Thursday, March 31, 2011



Celtic spirituality has a great sense of the significance of each day, how the new day is sacred. The Celts never entered the day with a repetitious deadening perspective; they took each day as a new beginning. There is a lovely Celtic prayer which articulates this sense of the day as a gift from God. The metaphor of vision suffuses the poem. There is an invocation that the human eye may 'bless all it sees' and that God's vision may guard and guide the day. The day is understood as a time of reflexive blessing which embraces God, self, others and nature.

God bless to me the new day

never vouchsafed to me before

it is to bless thy own presnce thou has

given triumph God.

Bless though to me

mine yes

may mine eye bless all it sees

I will bless my neighbour

my my neighbour bless me,

God give me a clean heart

let me not from sight of thine ey

bless to me my children and my wife

and bless to me my means and cattle.

(trans. A. Carmichael)

For the Celtic person the new day was lived amidst nature. It is easy to have a creative sense of the day when you live in the presence of the great divinity called nature. For the Celtic people, nature was not matter, rather it was a luminous and numinous presence which had depth, possibility and beauty.
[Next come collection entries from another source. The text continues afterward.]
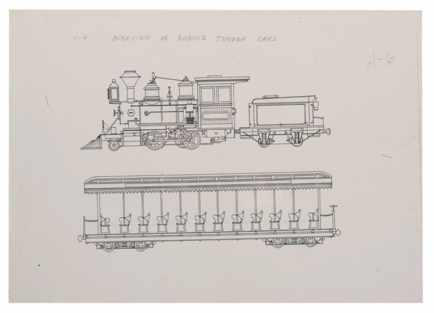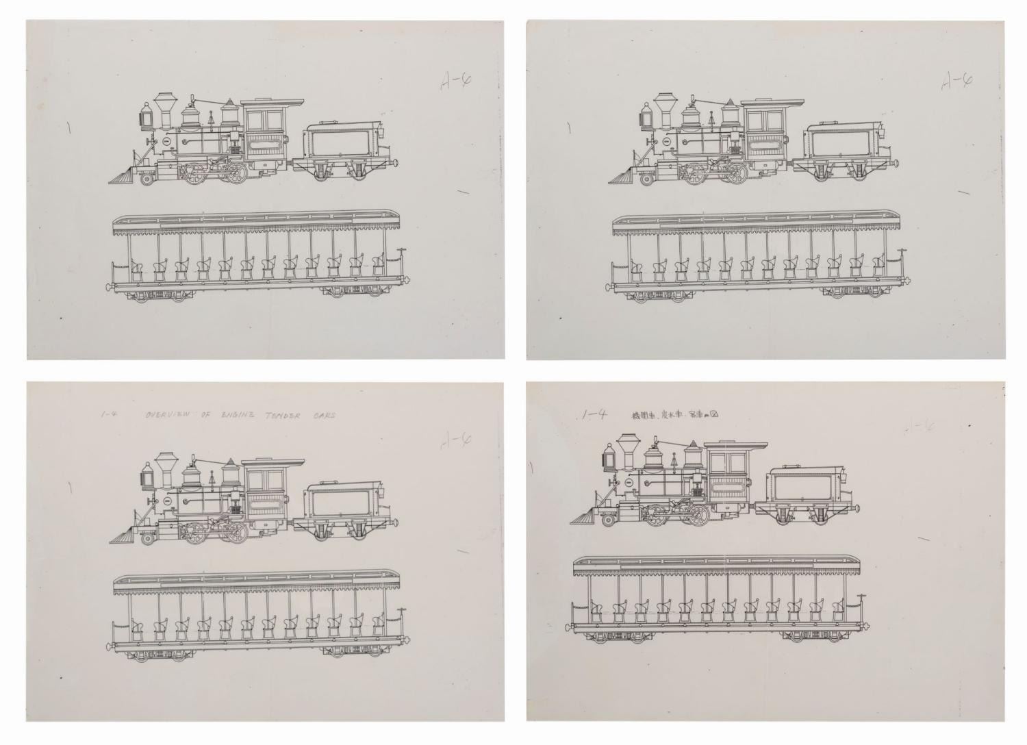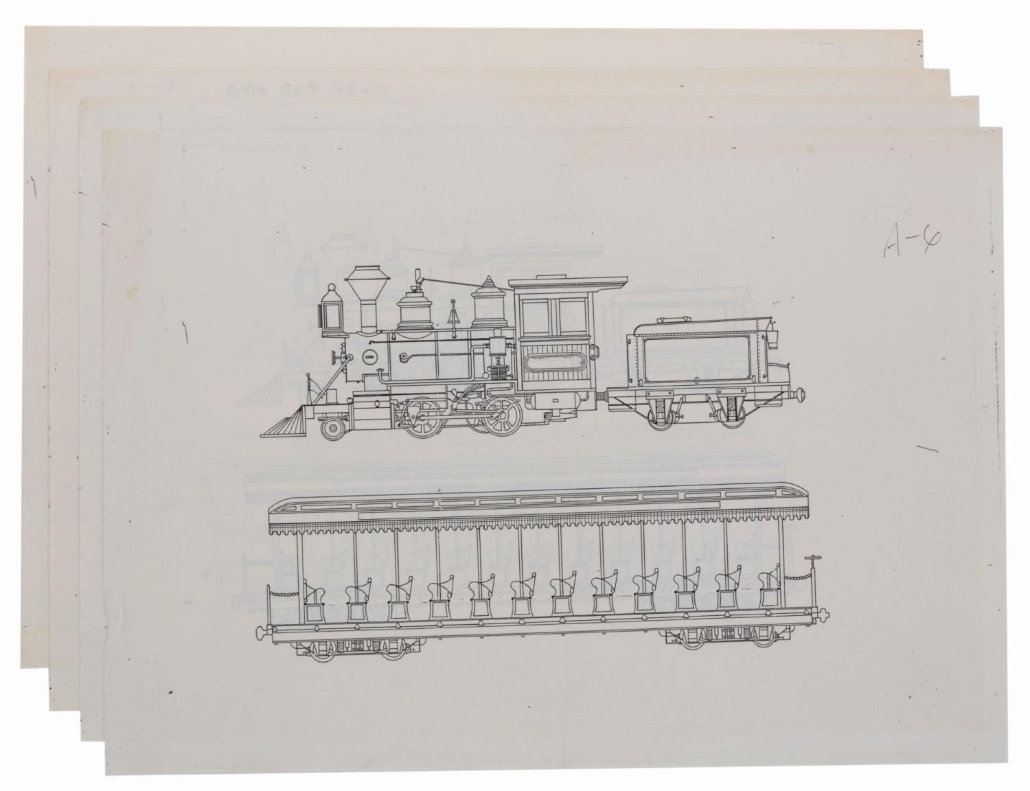 (Tokyo Disneyland, 1980s) Four production used prints of a line drawing for the Western River Railroad at Tokyo Disneyland. The identical prints show the Rio Grande engine and one train car. Measuring 12" x 16.5" with an image size of 7.25" x 10", the prints are in good condition with wear from original use, a vertical fold through the center, and pencil writing in English and Japanese on two.
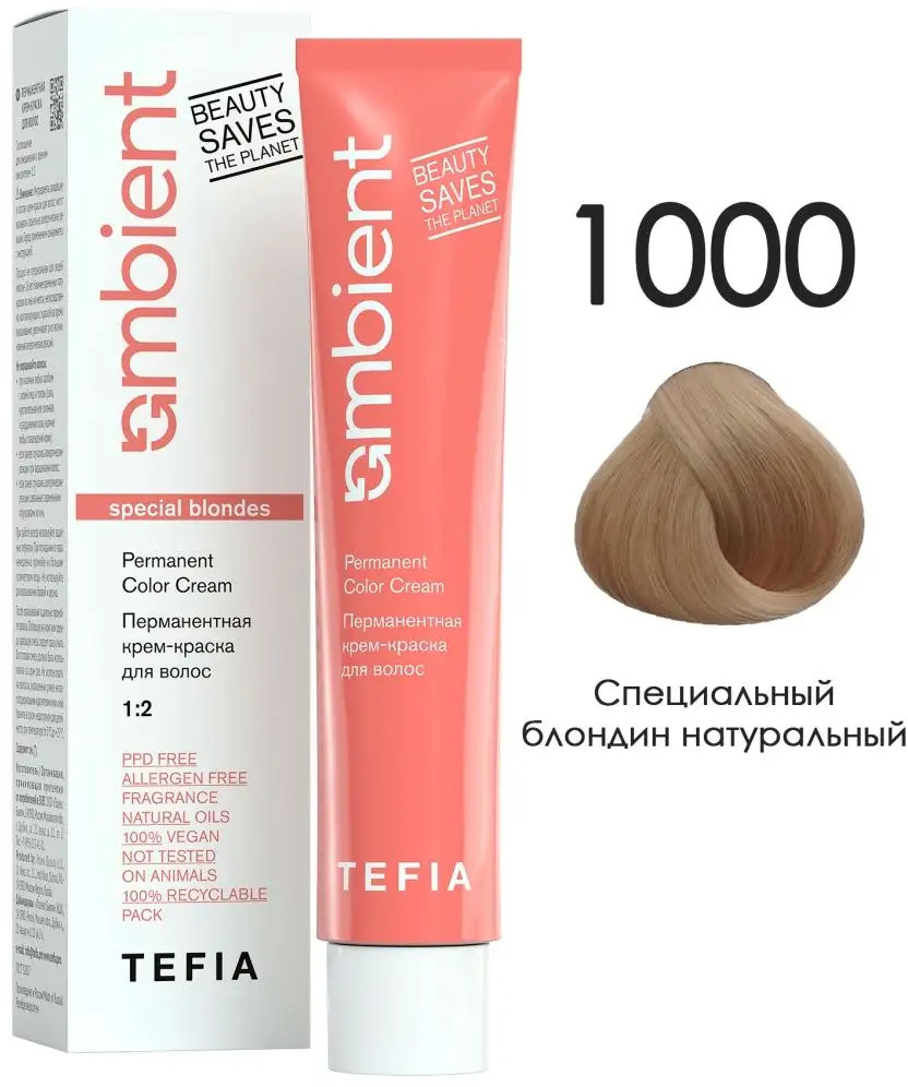 Tefia Крем-краска для волос перманентная, оттенок 1000 Специальный блондин натуральный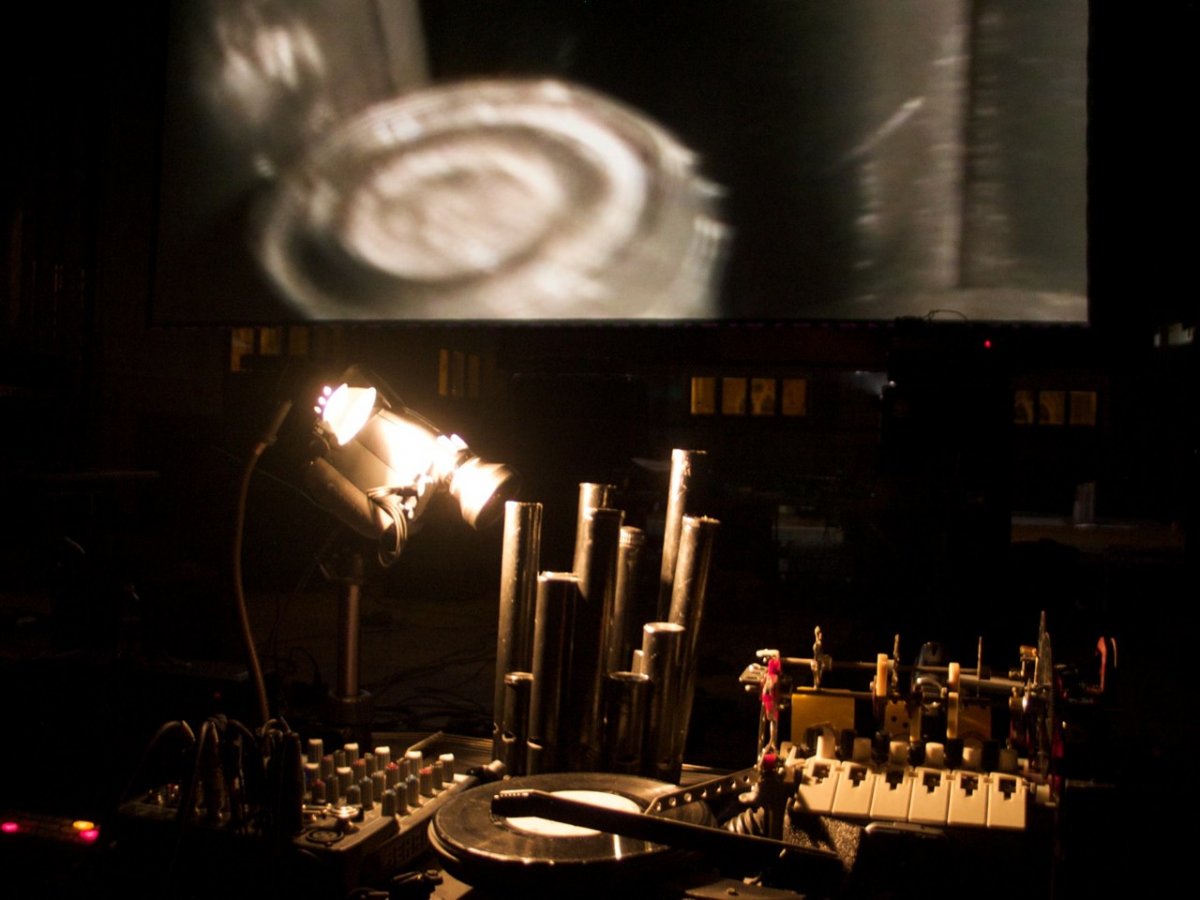 As a composition, Kinetic Syncopators relates to a type of field recording, with sounds taken directly from the sources, then reproduced without any further processing. Here the 'field' has been carefully designed and shaped and prepared and adjusted and compacted into a small portable surface. As a film, Kinetic Syncopators relates to a sort of cinéma-vérité, with the camera shooting what happens in the field. At the same time the composer of the piece, the one who performs it and who projects it in real time, the operator creates a film with the artificial landscape as protagonist, and the sounds as heroes.

There is also a beutiful invocation of the day in the ancient poem called 'The Deer's Cry':

I arise today

Through God's strength to direct me:

God's might to uphold me,

God's wisdom to guide me,

God's eye to look before,

God's ear to hear me,

God's word to speak to me,

God's hand to guard me,

God's way to lie before me,

God's shield to protect me,

God's hosts to save me from snares of devils,

From temptation of vices,

From everyone who shall wish me ill,

Afar and anear,

Alone and in a multitude.

(trans. Kunoy Meyer)

This poem articulates the Celtic recognition of the omnipresence of God. The very act of awakening is recognized as a gift. At the threshold of a new day there is no arrogance; rather a longing to praise. God is pictured in sensuous detail as the divine anam cara. At every moment and in every situation God is the intimate, attentive and encouraging friend.

This notion of the day as a sacred place offers a lovely frame for the creativity which a day can bring. Your life becomes the shape of the days you inhabit. Days enter us. Sadly, in modern life, the day is often a cage. Here a person loses his youthfulness, energy and strength. The day is often experienced as a cage precisely because it is spent in the workplace. So many of our days and so much of our time is spent doing work which remains outside the territories of creativity and feeling. The workplace can be complex and very difficult. Most of us work for someone else and lose so much of our energy. As a matter of fact, one of the definitions of energy is the ability to do work. Days spent caged make us tired and weary. In a city all the morning traffic jams hold people who are barely out of the night and are sleepy, anxious and frustrated. Pressure and stress have already stolen their day. In the evening, the same people are weary after a long workday. By the time they get home, they have no energy left to attend to the desires, thoughts and feelings which were neglected all day.

It is very difficult, at first consideration, to bring the world of work and the world of soul together. Most of us work in order to survive. We need to make money; we have no choice. On the other hand, those who are unemployed feel frustrated and demeaned and suffer a great loss of dignity. Yet those of us who work are often caught within a grid of predictability and repetition. It is the same every day. There is such an anonymous side to work. All that is demanded of us is the input of our energy. We move through the workplace, and as soon as we are gone in the evening, we are forgotten. We have the feeling that our contribution, while it is required and demanded, is merely functional and in reality hardly appreciated. Work should not be like that at all; it should be an arena of possibility and real expression.